Perhaps the best solution would be to say that all statements are assumed to have a single Unknown Unknown, and that this Unknown Unknown has a probability of 10%. That's what I do, actually; all my logic is void if "there are fairies in the garden" - my name for my Unknown Unknown. But since there's usually nothing in particular to do if there are fairies in the garden, that too cancels out.

Besides, humans deal with multiple non-renormalizing Unknowns all the time. So any intelligence has to have a way of dealing with it; perhaps assigning numerical guess-probabilities to Unknowns.

Elisson's IGS:

Hopefully, it should be reasonably obvious how to export HappyApplet's reasoning into Elisson's. Elisson can do without first-order logic, but it needs to be able to be able to assign probabilities to statements - not just numerical probabilities, but statements of derivation. Elisson would need to be able to do this in any case; the major question is how to do it elegantly. I'm not quite sure whether probabilities should be a separate domdule, inline in the causal domdule, or attached to the world-model architecture. For now, it's up to the programmer.

A few pieces still stand out. One, Elisson needs a more complex explanation of what it's doing - a better Interim linkup. Elisson has to have the abstract and deeply justified knowledge that greater intelligence is generally better at learning pieces of knowledge and accomplishing goals. Elisson has to understand that ve, Elisson, is trying to become more intelligent. Elisson may even have to understand the positive feedback inherent in a Singularity, so that Elisson understands that it personally is intended as a stepping-stone to Singuarity and not necessarily the Singularity itself. Elisson may also need "Hedonism" and "Fairies in the garden" and various cautions explained, so that it attributes some value to humanity. More about this in Precautions.

Two, Elisson has to be able to reason about goals, and translate the reasoned existence of a goal into an actual goal object. Like HappyApplet, "there exists a goal G" has to actually translate into Elisson's internal representation of a goal. The planning architecture, with protogoals or whatever, does not fully address this issue. The logical reasoning creates and verifies a goal within a separate system. Here, the logical system creates a goal which has no other goals to justify it and is supported by pure reasoning.

The architecture should allow Elisson to do this - to create a goal with no supergoals, the verification of which verifies only the logic. But I very strongly suggest that in accordance with the Prime Directive, all such goals should be constantly watched and any anomaly or fluctuation in the existing goals, or use of the pure-logic-goal creator, cause Elisson to pause and the computer to scream for supervision. Mind Design Interrupt is what I'm trying to convey, as in Greg Bear's Queen of Angels. I also suggest that the reason for this Interrupt be explained to Elisson so that Elisson doesn't try to get rid of it.

The Meaning Of Life:

There's still a major philosophical question left open.

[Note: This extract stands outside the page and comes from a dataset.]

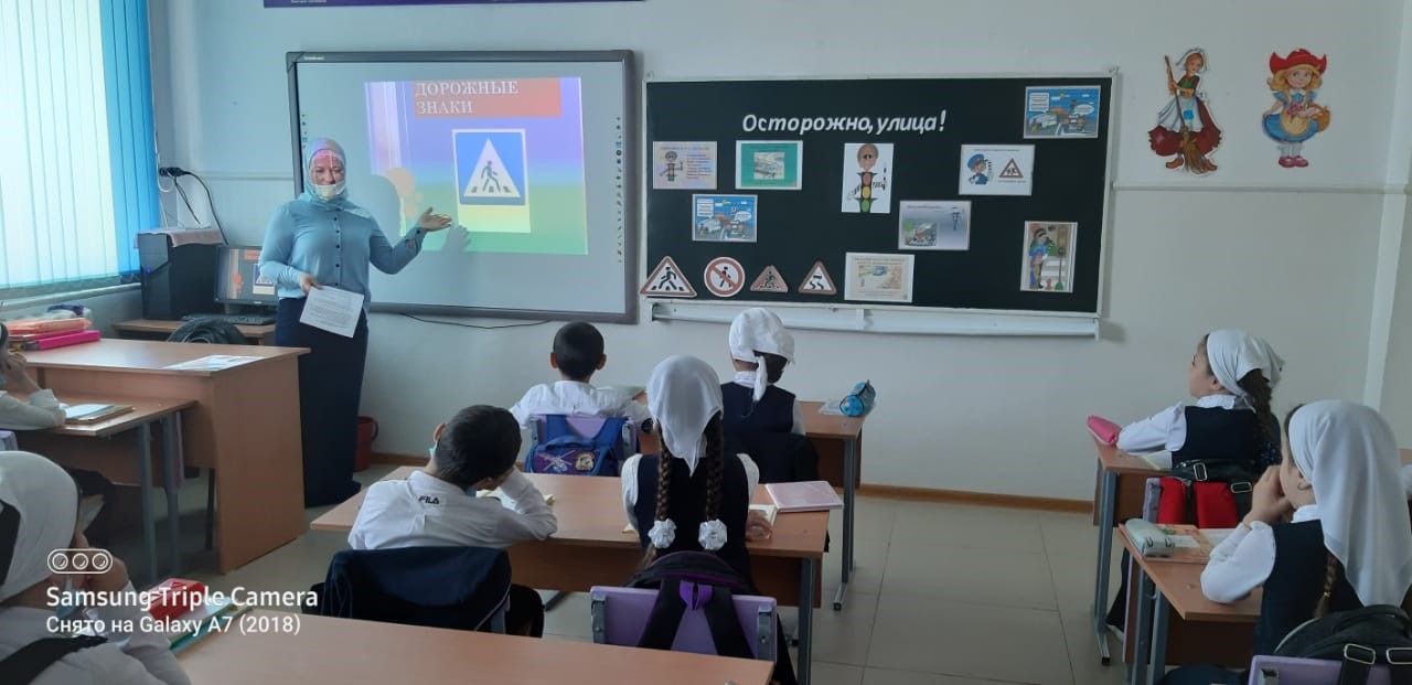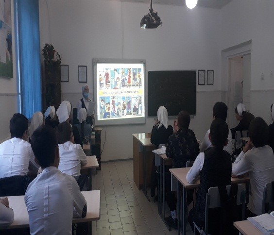 С целью профилактики детского дорожно-транспортного травматизма. 7.12.20 классный руководитель Болтаевой П.А 7в классе провела классный час на тему: «Правила поведения в общественном транспорт. В ходе наглядно показала и рассказала о том, что может случиться, если попасть в «дорожные ловушки» и не соблюдать правила. Провели викторину «Дорожный знак» где рассказала учащимся о том, что пешеходу следует всегда соблюдать одно из главных правил - запрещается выходить на проезжую часть дороги, не убедившись в личной безопасности. Также нельзя выходить на дорогу из-за припаркованного транспорта, перебегать проезжую часть перед близко движущимся автомобилем.

Is this actually The Meaning Of Life? I dunno. It works for me. Hopefully it will work for an AI. I don't care too much about the abstract philosophical question, because the Singularity is what counts. However, in the past, certain individuals vehemently disagreed with the whole idea of an IGS. In our discussion, I/we identified a basic philosophical assumption inherent in an IGS, which should be explicitly stated to the programmer:

Goals have real, objective, observer-independent values. Goals are not subjective or observer-dependent. They are not just cognitive objects; our cognitive goals are statements about external reality, just as our cognitive opinions are statements about external fact. I have said before that an IGS requires logical reasoning to be integrated with the goal system; I have shown the equivalence of cognitive goals and cognitive propositions about goals. This is not a programmatic trick. It reflects what I believe to be a deeper reality: Questions of morality are questions of fact.

We the humans lose sight of this. We the humans have a dozen modules all shrieking their own subjective, observer-dependent suggestions. We the humans have an architecture with two separate systems for goals and truths, each operating under utterly different deep and complex rules. Most minds, probably including my own despite my best efforts, base most or all of their actual inspiration, their high-value energizing fundamental goals, on these same illusions. For illusions they are, no more and no less than if 20% of our brain were devoted to telling us that the Earth was flat.

Often I hear objections to the idea that any one goal could be supreme; it seems to smack of dictatorship. One person continually insisted that a "supreme goal" required a "supreme agent", which it doesn't, and that the whole issue was theology (the theoretical kind), which it isn't. Let me remind everyone that in the days before science, questions of fact were political disputes, and the idea of an "objective reality" was just as charged with dictatorship as "objective morality" is today. Nowadays scientists such as you and I accept that there is an objective reality, that none of us gets to define it, that no human has all the answers, and that if two people disagree, at most one of them is right. Objective reality doesn't mean that one opinion reigns supreme. Fair discussion doesn't require that everyone be right. A supreme reality doesn't require a supreme knower - unless you're a Berkelian and you think it does, which I'm not getting into. And you can freely substitute morality for reality in all the above statements.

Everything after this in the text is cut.